Retired Western Illinois University columnist and journalism professor Bill Knight weighed in on the matter in this month’s Community Word newspaper. He cited Illinois Press Association circulation figures taken from annual ownership declaration forms that newspapers file with the U.S. Postal Service.
Knight said most local dailies have lost about three-quarters of their circulation over the past decade. For example, the Peoria Journal Star reported a circulation of 66,720 copies in 2010, but only 15,194 last year. The Beijing Daily Times fell to 1,742 last year from 7,957 in 2010.
“Even if you include the digital version, it’s still a far cry from what it was almost only in print 10 or 20 years ago,” Knight said in an interview with WCBU.
It is not a fact that Knight celebrates. He sees the newspaper as an essential part of a local news ecosystem that also includes media like television and radio.
“The classic purpose of a newspaper in this country was to hold people accountable, whether ordinary residents, government or corporations. And we don’t see that as much. And I don’t criticize journalists , because there are so few of them,” he said. “They’re doing what they can.
Knight said national newspapers like the Wall Street Journal and the Washington Post are on much stronger ground, financially. This has helped these publications maintain robust news operations. But he said gaps begin to appear in knowledge of what’s going on in his neighborhood when the local news apparatus begins to break down.
“We are very knowledgeable about global and national issues to a large extent. But in the meantime, we don’t know what’s going on with the city council, the county council, the village council or the school board,” said he declared.
The Internet is at least partly responsible. A measure on Capitol Hill allowing news agencies an antitrust loophole allowing companies to bargain collectively with news aggregators like Google and Facebook has been blocked.
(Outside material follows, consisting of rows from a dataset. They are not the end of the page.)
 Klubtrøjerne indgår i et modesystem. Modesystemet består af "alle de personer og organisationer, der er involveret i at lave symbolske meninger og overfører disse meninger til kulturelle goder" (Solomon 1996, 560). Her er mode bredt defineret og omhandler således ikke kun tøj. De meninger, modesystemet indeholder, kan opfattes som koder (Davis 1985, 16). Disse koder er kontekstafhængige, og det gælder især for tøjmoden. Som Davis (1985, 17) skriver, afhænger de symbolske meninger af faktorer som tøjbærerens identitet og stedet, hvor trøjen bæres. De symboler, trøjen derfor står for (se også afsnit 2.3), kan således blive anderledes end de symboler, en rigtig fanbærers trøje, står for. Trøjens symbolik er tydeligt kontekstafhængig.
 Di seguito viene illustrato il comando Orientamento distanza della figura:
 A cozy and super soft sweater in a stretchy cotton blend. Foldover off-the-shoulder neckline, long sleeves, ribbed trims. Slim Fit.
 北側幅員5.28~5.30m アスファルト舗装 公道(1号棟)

And Knight said many readers are unwilling to pay for content hidden behind a paywall.
“The result is fewer people, fewer editions, smaller newspapers and deliveries, a whole other chaotic factor. But the ultimate consequences if you expect something for free, you probably won’t get what you really need to have a civic awareness of what’s going on now,” he said.
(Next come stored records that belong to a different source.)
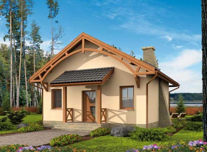 \\\"La Lora\\\" Małe jest piękne chciałoby się powiedzieć na widok tego zgrabnego domku. Idealne proporcje, niewielkie rozmiary, przyjazna sylwetka La Lora z pewnością budzi zaufanie. Znakomicie spisuje w roli całorocznego gniazdka dla niewielkiej rodziny, ale równie dobrze może być traktowany jako letniskowa \\\"odskocznia\\\". Dom jest wyjątkowy także ze względu na starannie dobrana kolorystykę ciepły beż elewacji, równie ciepły brąz drewnianych wykończeń oraz miękkie szarości dachówki, kamiennych podmurówek, schodków i efektownego komina tworzą oryginalną kompozycję estetyczną. Małe jest nie tylko piękne, a w dodatku i przytulne. Wnętrze domu kryje wszystko, co potrzebne, by mieszkać komfortowo i wygodnie. Przestronny pokój dzienny, z którego przez niewielki taras można wyjść prosto do ogrodu, obiecuje spokojny relaks, a połączona z kuchnią jadalnia to miejsce, które ma szanse stać się sercem rodzinnego ogniska, skupiając domowników przy wspólnych posiłkach. Oprócz sypialni i łazienki znalazło się również miejsce na niewielką garderobę. Projekt składa się z części architektonicznej, konstrukcyjnej, wewnętrznych instalacji wod.-kan, c. o. i elektrycznej. W projekcie załączone są podstawowe zestawienie stali, drewna i stolarki okienno-drzwiowej. Do projektu dołączamy bezpłatną zgodę na wprowadzenie zmian, oświadczenie projektantów o wykonaniu projektu zgodnie z obowiązującymi normami i przepisami oraz kserokopie uprawnień projektantów wraz z aktualnym wpisem do izby. W przypadku zamówienia projektu w technologii lekkiej, drewnianej konstrukcji szkieletowej, powierzchnia użytkowa budynku jest o około 7% większa.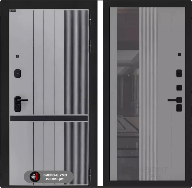 Покраска металла: Муар черный Фрезерованная МДФ панель 10 мм, цвет "Velutto Grigio" с патиной и вставкой из металла в цвет наличника (заподлицо)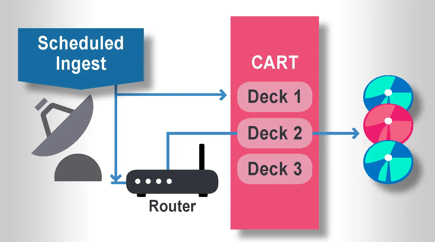 Disc 1 should be loaded onto Deck 1, Disc 2 onto Deck 2 etc. As mentioned previously, it usually takes approximately 30 seconds to load each disc into the respective deck and it is important to set the 'Timeout Scheduled Ingest (sec.)' parameters based on the number of decks to be used: 30 seconds for 1 Deck, 60 seconds for 2 decks, 90 seconds for 3 decks and 120 seconds for 4. These timeouts represent how many seconds before the scheduled start of the ingest operation, the discs will be moved from their slot into the cart.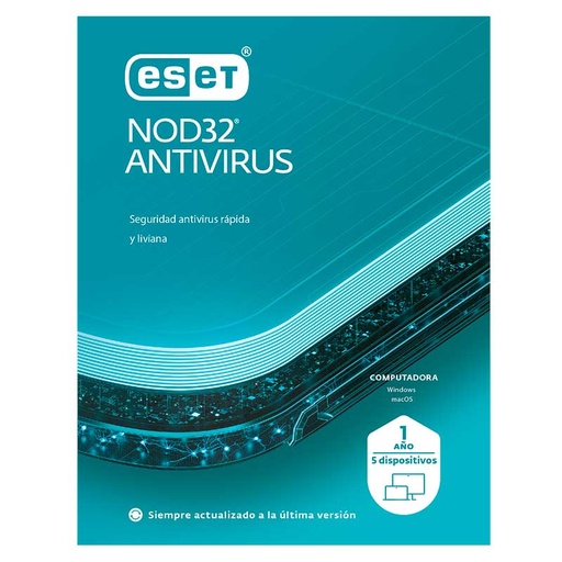 Licencia ESET NOD32 Antivirus Para 5PC 1Año ***FISICA***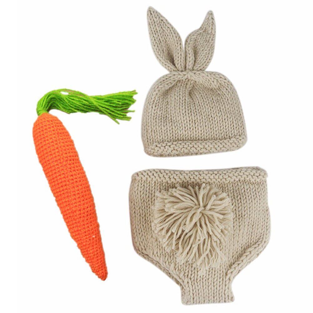 [BIUBIONG] ベビー 撮影服 3点セット 新生児 写真服 毛糸 寝相アート 可愛い うさぎコスチューム 赤ちゃん 誕生日記念 出産祝い

For his part, Knight highlights the not-for-profit model embraced by newspapers like the Salt Lake Tribune.
“I think the not-for-profit model has promise because they don’t have this fiduciary responsibility for return on investment. The investment is the community,” he said.
A model giving tax breaks to subscribers and advertisers supporting their local newspaper could also hold promise, Knight said.
“I think the government not only has an obligation, but should have a sense of responsibility to this democracy, whether it’s your township or the federal level, (it) relies on (an) informed electorate, and if not, then we are wrong,” he said.